Women's march to political equality marked by short steps

More women are in office than ever before, but incumbency has kept progress slow.

When they raise their hands to be sworn in this January, newly-elected officeholders around the United States will include more women than ever before. More in Congress, more in statewide offices, more in state legislatures, more in city government.

But this month's elections also show how far women must go before achieving parity in politics. The number of women in the US Senate (nine) and in governors' chairs (three) remains the same. There will be two more women in the House of Representatives, but their total there is just 13 percent. And in Congress, both major political parties still are led almost exclusively by men.

As the title of a recent symposium on women and politics at the President Gerald R. Ford Library in Ann Arbor, Mich., put it: "You've Come a Long Way, Maybe."

"While we celebrate our victories, we are dismayed that progress is so slow," says Patricia Ireland, president of the National Organization for Women (NOW). "At this rate, women will not achieve equal representation for more than 200 years."

"The thing that's been holding women back is the drag of incumbency," says Janet Clark, professor of political science at the State University of West Georgia.

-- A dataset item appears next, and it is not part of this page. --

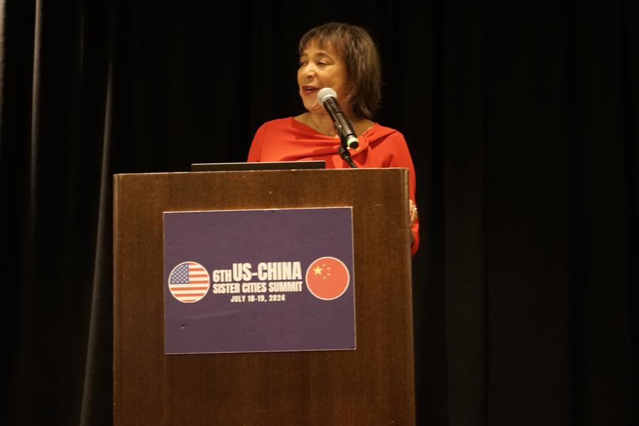 فيكتوريا ووداردز، رئيسة بلدية تاكوما، تُلقي كلمة خلال القمة السادسة للمدن الشقيقة بين الولايات المتحدة والصين في مدينة تاكوما بولاية واشنطن الأمريكية، 19 يوليو 2024. (شينخوا)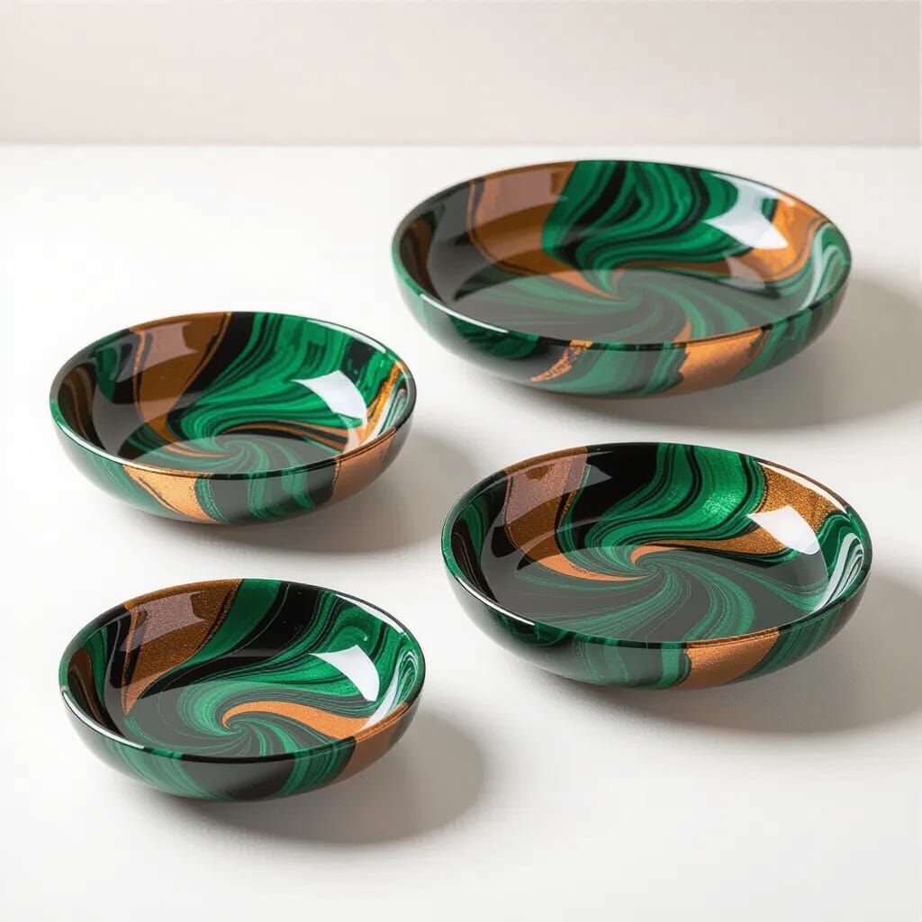 Discover premium resin trays, bowls, and platters showcasing a luxurious swirling marble pattern in emerald green, copper, and black. These pieces feature a glossy finish and opulent textures.

In the recent election, not a single woman won who ran against an incumbent member of the US House or Senate.

Tougher battles lie ahead

In addition to the relatively low numbers of elected women, some observers are troubled by other signs of an uphill battle that may be steepening.

For one thing, the number of women running for state legislatures has continued to drop. This year, there were 2,279 - almost 100 fewer than 1992 (the so-called "year of the woman" in national politics).

"The decreases in women candidates are worrisome because state legislatures are vital for women," says Debbie Walsh, associate director of the Center for the American Woman and Politics at Rutgers University in New Jersey.

"Women must be at the table when critical policies are set in the states," she says. "The legislature can also be an important stepping-stone for a candidate seeking higher office."

Five of the six women who were elected to Congress for the first time had first served in their state legislature.

Falling activism

Another worrisome trend for female political aspirants is the declining membership in many national groups that work to increase women's political influence and leadership opportunities. For example, The League of Women Voters has roughly half the membership it did in 1970. The National Women's Political Caucus has seen a similar decline among its grass-roots workers this decade.

NOW's list of financial contributors remains "pretty steady" at about 500,000, says Ms. Ireland. But she says the number of grass-roots activists willing to work on campaigns and get-out-the-vote efforts has dropped by as much as 75,000 in the past few years.

"Every group is experiencing this," says Anita Perez Ferguson, president of the National Women's Political Caucus. "We speak about it very commonly among ourselves."

There are several reasons for the dwindling support, say women activists. One is the lack of a galvanizing issue such as the Equal Rights Amendment or efforts to outlaw abortion.

THE decline in membership also is seen as part of the general unwillingness to work for volunteer organizations in American society. It may be part of the growing cynicism about politics, the attitude among some women - particularly younger ones - that they're already too busy with their careers, or the perception that barriers to women are a thing of the past.

"After 1992, people thought they had won," says Eleanor Smeal, president of Feminist Majority, one group that has seen increased activism, largely through its campus recruiting effort.

"Certainly, there are more lucrative opportunities in the private sector than ... in government," says Liz Pierini, president of the League of Women Voters of Washington State. "[Elective office] is really a very hard life for anybody. Do women really want to make that sacrifice once they've made their point about overcoming barriers?"

Activists are looking ahead to the elections in 2000 and - perhaps more importantly - to 2002. That's the first election year after the reapportionment and redistricting of seats following the 2000 census - typically a time when an unusually large number of politicians retire.

"That will be open-seat heaven," says Ms. Smeal, whose organization soon will begin a "feminization of power" effort, that will focus on recruiting of experienced and viable women candidates for the election.

"We know that women can win tough races, and we know that women officeholders make a difference," says Mary Hawkesworth, director of the Center for the American Woman and Politics.

"Now we need to make sure that more women are well placed to take advantage of opportunities to win," she says.